Яков Иванович был огорчен, но все-таки плакать не следовало. В жизни ему приходилось много видеть женских слез, и поэтому он пустил в оборот тот бессмысленный набор фраз, какими утешают плачущих женщин. Женщины любят, чтобы их так заговаривали, а смысл — это другое дело. Но и это верное средство не помогало; Антонида Васильевна продолжала плакать… Да и слезы были нехорошие, — те тихие слезы, которым, как осеннему мелкому дождю, конца нет. Старый эгоист только теперь пожалел свою приятельницу» тем более что это искреннее горе касалось и его.
— Что же, Антонида Васильевна, убиваться? — бормотал он. — Если, нет кофе, то можно и чаю напиться. Отлично согревает… -
— И чаю нет… я… я не ела уже два дня… ничего нет.
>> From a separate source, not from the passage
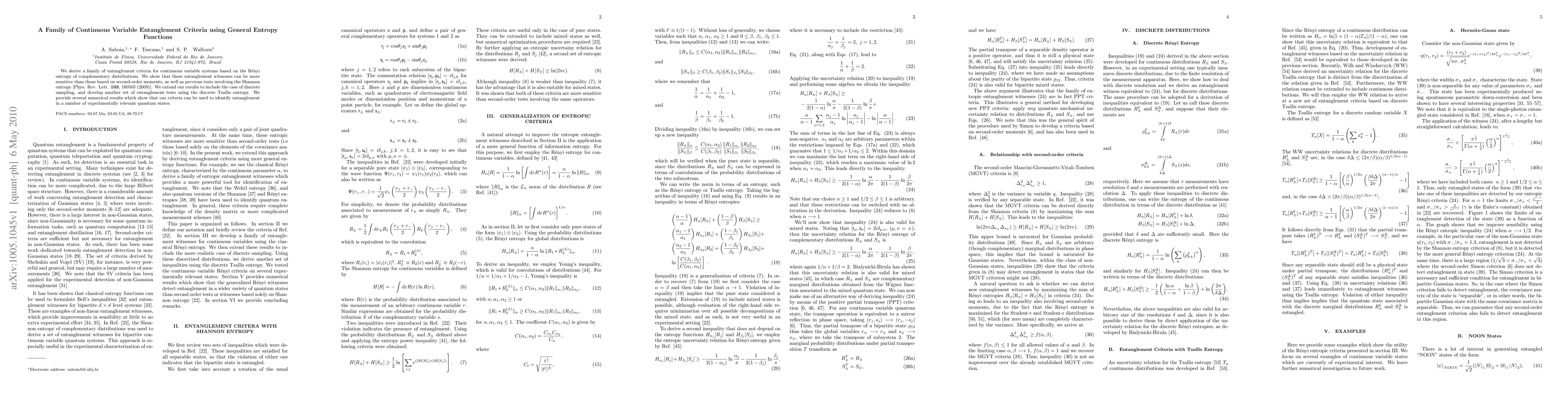 This paper presents a new set of entanglement criteria for continuous variable systems based on Rényi entropy, demonstrating their greater sensitivity compared to traditional methods. The authors also extend their approach to discrete sampling using Tsallis entropy, providing numerical evidence of their effectiveness in identifying entanglement in various quantum states.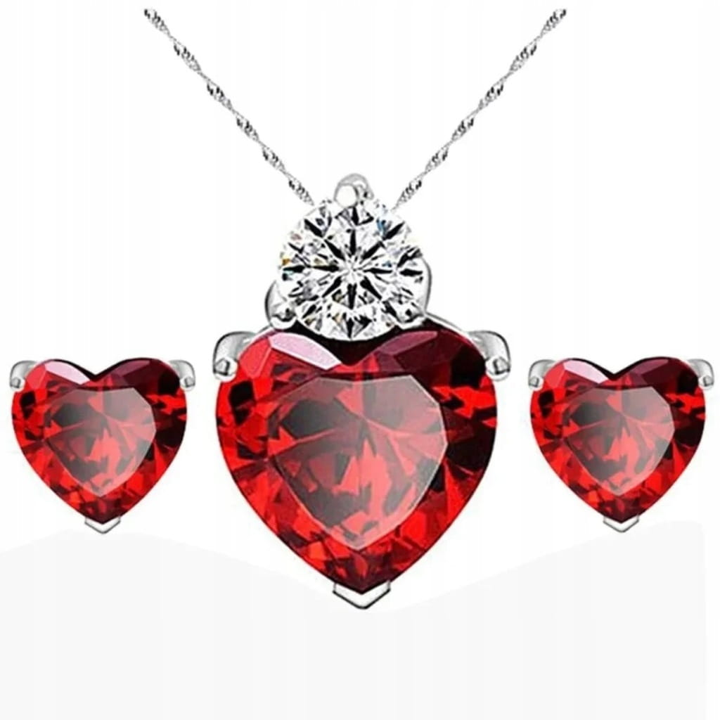 ZESTAW POSREBRZANEJ BIŻUTERII CZERWONE SERCA.

У Якова Ивановича вырвался неопределенный звук: «Это уж слишком — и скверная погода и эти слезы». Он даже посмотрел на дверь, чтобы половчее улизнуть, — последнее много раз выручало его из критических обстоятельств. Но Антонида Васильевна повернулась уже к нему и, не вытирая катившихся по ее лицу мелких старческих слез, порывисто заговорила:
— Все это пустяки…
— Как пустяки?
— Что я нищая — это пустяки… Сама виновата. Но меня убивает одно: сегодня двадцать первое сентября…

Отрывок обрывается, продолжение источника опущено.